Als ich mein Rechenverfahren in einer zweiten Versuchsreihe testen wollte, war der Effekt verschwunden. Aber ich hatte doch nichts geändert!? Beim Eingeben der Daten in die Positronik fiel mir plötzlich auf, dass ich an dem Tag meinen Ring nicht trug. Ich musste ihn morgens im Bad vergessen haben. Den Ring? Ja, Perry, den Ring, den du mir einmal geschenkt hast, mit diesem Hyperkristall, diesem Kyasoo.

Ein dritter Test brachte Gewissheit. Ja, es war der Kyasoo; er reagierte auf die Anwesenheit des Vurguzz, und die normalerweise unvorhersagbar schwankende Hypermasse synchronisierte sich mit dem Hyperalkohol, so dass beide Anteile in regelmäßiger und berechenbarer Weise variierten. Aber dann – konnte man ja die Phasen, in denen der Kristall sich mittels des Tentonischen Donators aufladen ließ, perfekt vorausberechnen und somit eine nie dagewesene Effektivität erreichen!

Ich stellte fest, dass der Wirkungsgrad sich gegenüber Khalumvatt bereits ohne besondere Abstimmung verdoppeln und die Lebensdauer verdreifachen ließ. Wenn man die Menge des Vurguzz präzise auf den Abstand zum Kristall abstimmte, wurde er noch viel leistungsfähiger: 60-fache Lebensdauer und 30-facher Wirkungsgrad. Ich erlaubte mir, diese Kombination als Vurguzzit zu bezeichnen.

Zu Testzwecken baute ich einen einfachen Vurguzzit in meine private Space-Jet ein. Tatsächlich erreichte sie praktisch den vorausberechneten Überlichtfaktor, und der Zerfall des Kristalls erfolgte entsprechend langsamer. Ich überlegte mir, welch einen traumhaften Fortschritt so ein Vurguzz-Antrieb für die Schiffstechnik der Flotte bedeuten würde …

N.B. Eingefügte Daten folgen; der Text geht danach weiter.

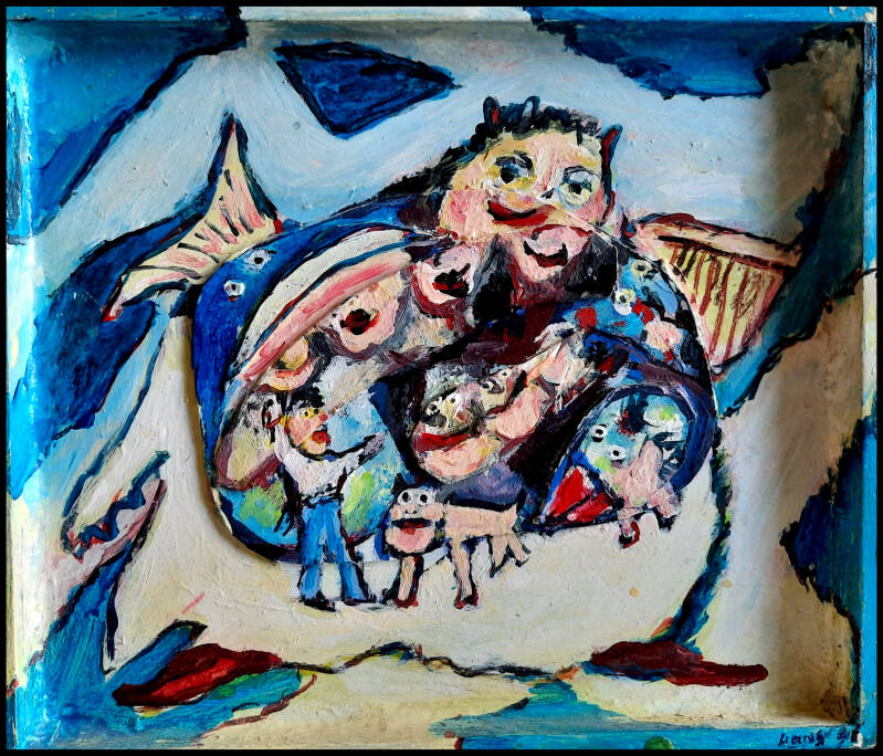 3) Dit kunstwerk heet TANDARTS (AOH nr.1959), is 70cm x 100cm. Het gaat over mijn binding met een tandarts uit Amsterdam die van verschillende vormen van kunst hield.
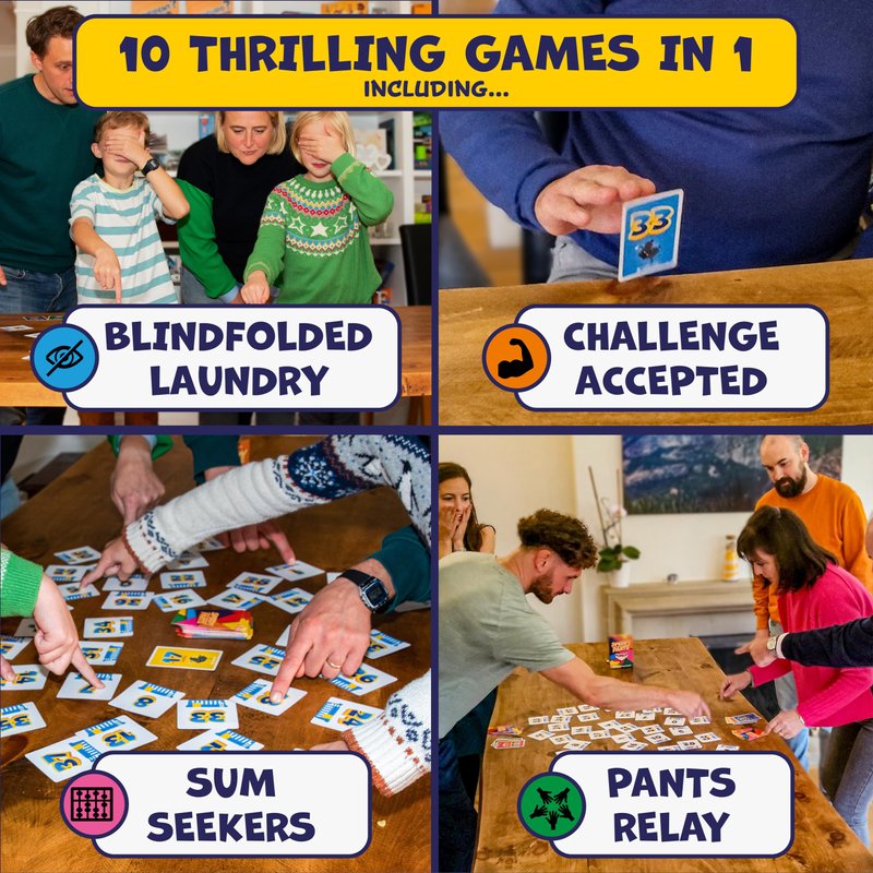 - 10 GAMES IN 1 - Ten thrilling and varied ways to play including "Blindfolded Laundry", "Under Where?" and "Challenge Accepted"
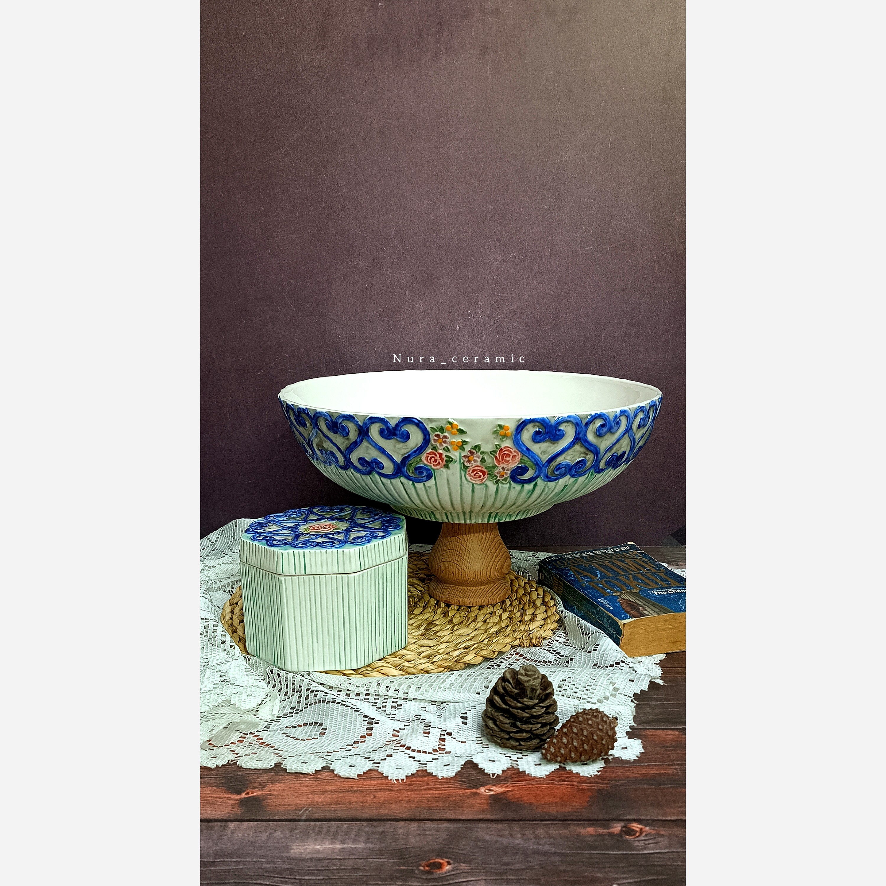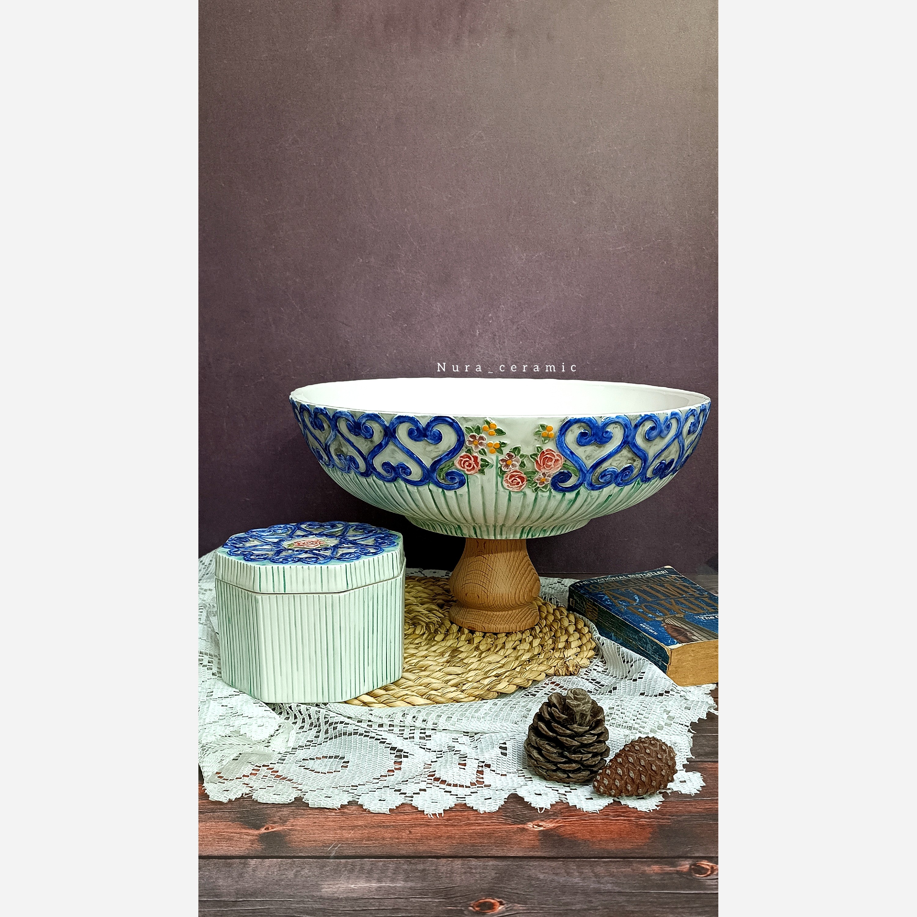 میوه خوری و شکلات خوری سرامیکی کاملاً دست ساز نقاشی زیرلعابی تکنیک کندهکاری قابل شستشو پخت شده با دمای بالای 1080
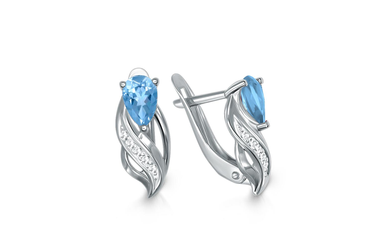Мастера компании NEWGOLD, приложив всё свое мастерство и искусство, создали для Вас на нашем собственном производстве Серьги из белого золота с 2 топазами swiss и 10 фианитами.
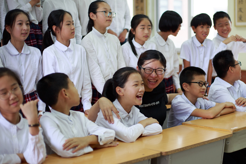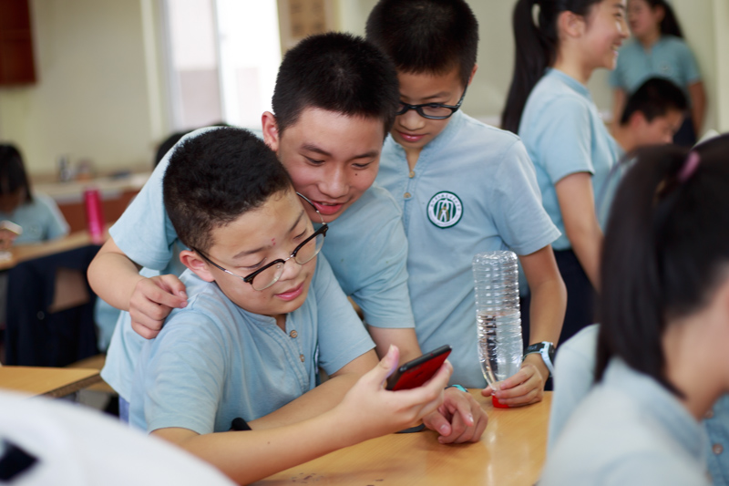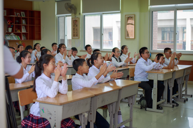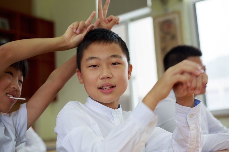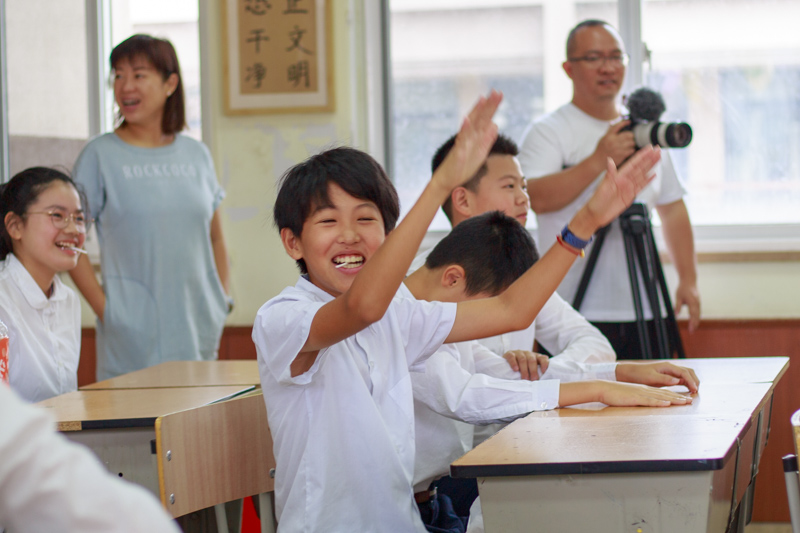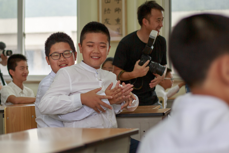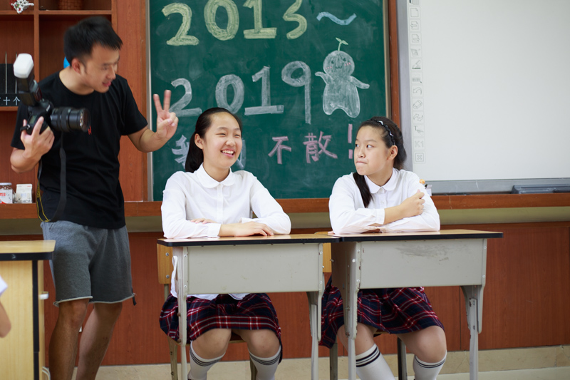 拍完这组,回教室休息,好奇的同学一直在跟着摄影师
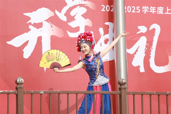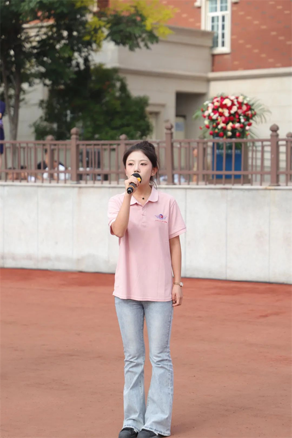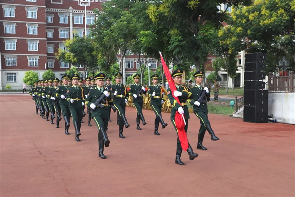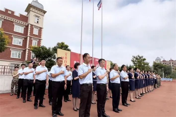 国旗护卫队迈着铿锵有力的步伐,护送国旗来到升旗台前⛷。伴随着激昂雄壮的国歌🅰️,五星红旗冉冉升起,开学典礼正式拉开序幕。
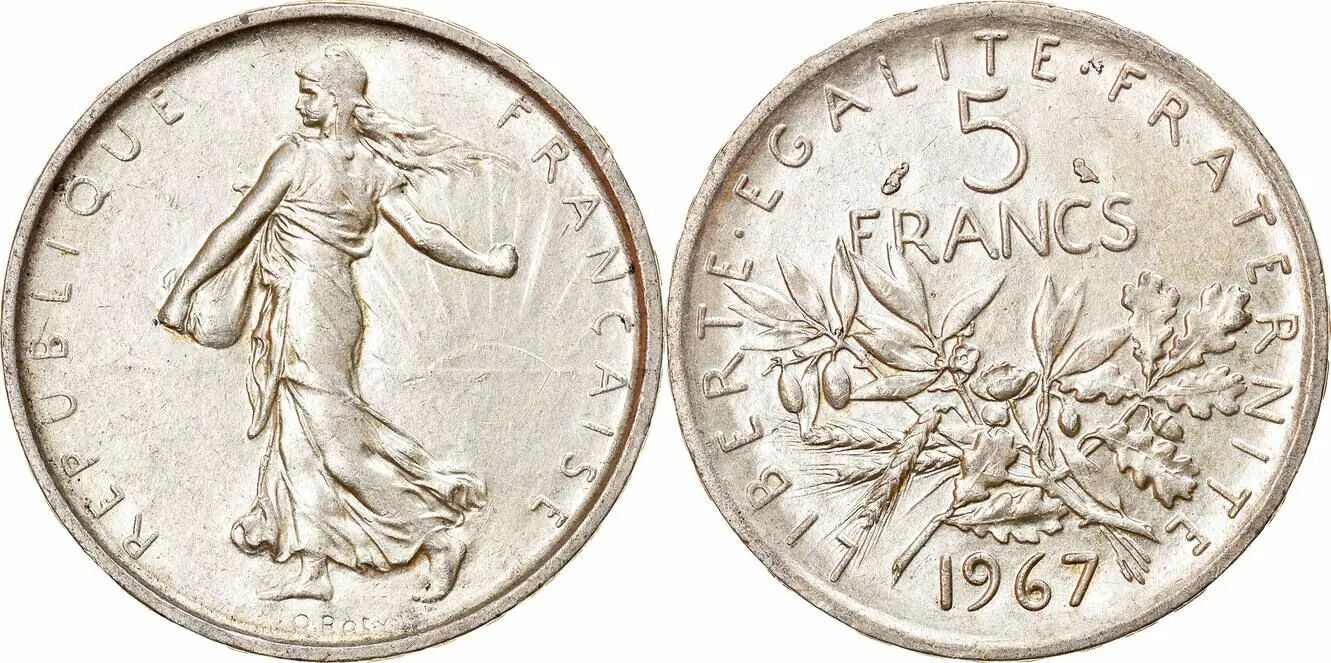 La pièce de 5 Francs Semeuse, frappée en argent, est une pièce commémorative émise par la France en 1967. Sa valeur nominale est de 5 francs.
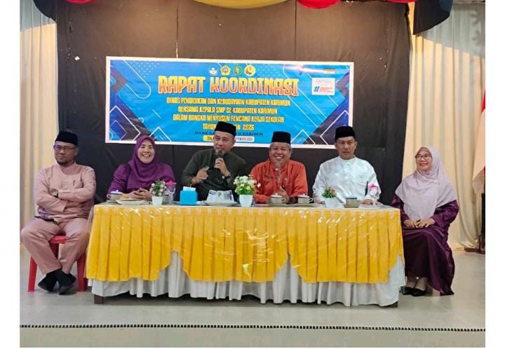 KARIMUN, harianmetropolitan.co.id- Dinas Pendidikan dan Kebudayaan (Disdikbud) Kabupaten Karimun menggelar Rapat Koordinasi bersama Kepala SMP se-Kabupaten Karimun dalam rangka penyusunan Rencana Kerja Sekolah (RKS) Tahun Anggaran 2026. Kegiatan tersebut berlangsung khidmat dan penuh semangat kolaborasi, dengan menghadirkan narasumber dari BPKAD dan Inspektorat Daerah, Kamis 25 September 2025.

Und dann kam mir der Gedanke, dass du, Perry, damit 60-mal so weit fliegen würdest, um anderer Leute Probleme zu lösen, wenngleich nur mit 30-facher Geschwindigkeit. Das war eine einfache Kopfrechenaufgabe. Deine Reisen würden doppelt so lange dauern wie ohne den Vurguzzit. Du würdest also noch länger fortbleiben und noch später nach Hause kommen. Sollte ich mir das wirklich antun? Ich traf eine Entscheidung.

»Positronik! Identifikation Sichu Dorksteiger!«

»Identifikation bestätigt.«

»Aufzeichnungen Projekt Vurguzzit einschließlich aller Backups löschen!«

»Bist du sicher?«

»Ja.«

»Aufzeichnungen und Backups gelöscht!«

Jetzt muss ich nur noch den Prototyp aus meiner Space-Jet wieder ausbauen. Schade eigentlich. Aber wenn Perry mir darauf kommt, ist er wahrscheinlich so sauer, dass er sich von mir trennt.

(Und wenn die Expokraten mir darauf kommen, dass ich ihr sorgsam eingefädeltes Technik-Downgrading unterlaufen könnte, entsorgen sie mich eiskalt, da mache ich mir keine Illusionen. Vielleicht ja mittels Heldentod. Ha – ha!)